Of course there is. Why won’t they censor stuff they might not like? It’s a private website of a private entity monetising all of us. The more you post here, the more value you create for them. So they try to balance here, but since there’s no moderation log, things can be hid on a whim.
On top of that, personally, I saw plenty of evidence for a clearly biased approach, even despite them claiming otherwise. Why won’t they claim it, after all?
I’m not buying their devices after Nexus 5X and 6P disaster. Even despite my own devices did not boot loop. I mean buying them new and using them as my primary phone. Buying a used Pixel for $50, yeah, I might. So if it’ll face some weird hardware issue, I’m not going to be disappointed. I had zero issues (hardware-wise) with so many years of iPhones.

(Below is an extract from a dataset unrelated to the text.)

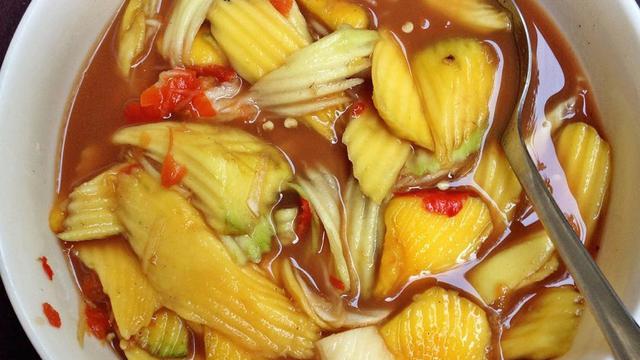 Bumbunya yang khas dengan aneka buah di dalamnya membuat makanan ini digandrungi tidak sedikit orang. Sesuai namanya, rujak kuah pindang menggunakan bumbu yang berasal dari kaldu ikan pindang, melansir situs web Kemendikbud.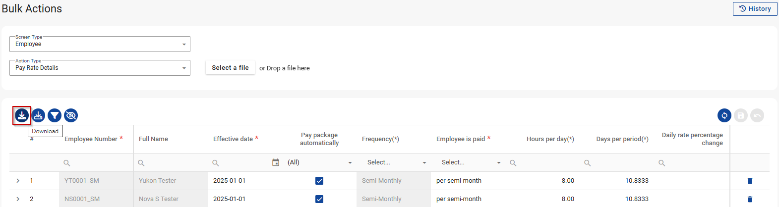 An employee's current Pay Rate record can be edited via Bulk Actions by downloading the populated spreadsheet, making the necessary changes, and uploading the sheet. This will allow you to make changes to the current Pay rate record without receiving the "Effective date must be unique to each record" error.

These days all that looks very depressing. The new redesign from Apple, and now this. I was actually thinking about maybe I’d like to give Pixels another chance. If buying used, I can play that lottery after all. But having no custom ROM option basically leaves me as miserable as with Apple: either take it as it is or leave.
Okay, am I the only one who didn’t know that (apparently) the next iOS version is going to be 26, not 19?
I assume, they’ll start following a year of release both for macOS and iOS, so it would be easier to know for non-techies. But my first reaction was ‘em, 8 years into the future? Looks weird, isn’t it? Maybe that’s some kind of a joke.’
To be fair, the news didn't get a ton of interest here last week:
Apple is reportedly going to rename all of its operating systems (theverge.com)
13 points by thesuperbigfrog 7 days ago | 7 comments
> Instead of just notching up the version number, Apple will instead mark them by year. However, the numbers will apparently align with the year after the one the update is actually released in, similar to cars. That means that the next big iOS update will be iOS 26 instead of iOS 19.
It will continue to be yearly but now all the OS numbers will be the same (the most important part) and require little inside knowledge to know if it's new or old (only a geek would know that iOS 15 was released in 2024 for instance, the new method will be more like car model years).
Nobody knows yet, it's just a rumour. But year-based versioning makes sense as these products continue to develop and the version numbers get higher. Even as an iOS developer, I've lost track of the phone versions at this point. Year-based versioning would be so much easier. Saying that I hope it's "iOS '26" and not "iOS 26".
We had Windows 2000 :) I look forward to Window 95 (v2) in 70 years. Number versioning is fine until you are releasing a new OS every year. Same with the phones. It's just too hard to keep track of at a certain point for consumers. yyyy.mm.dd style versioning is much better when you're releasing at the rate companies do these days imo.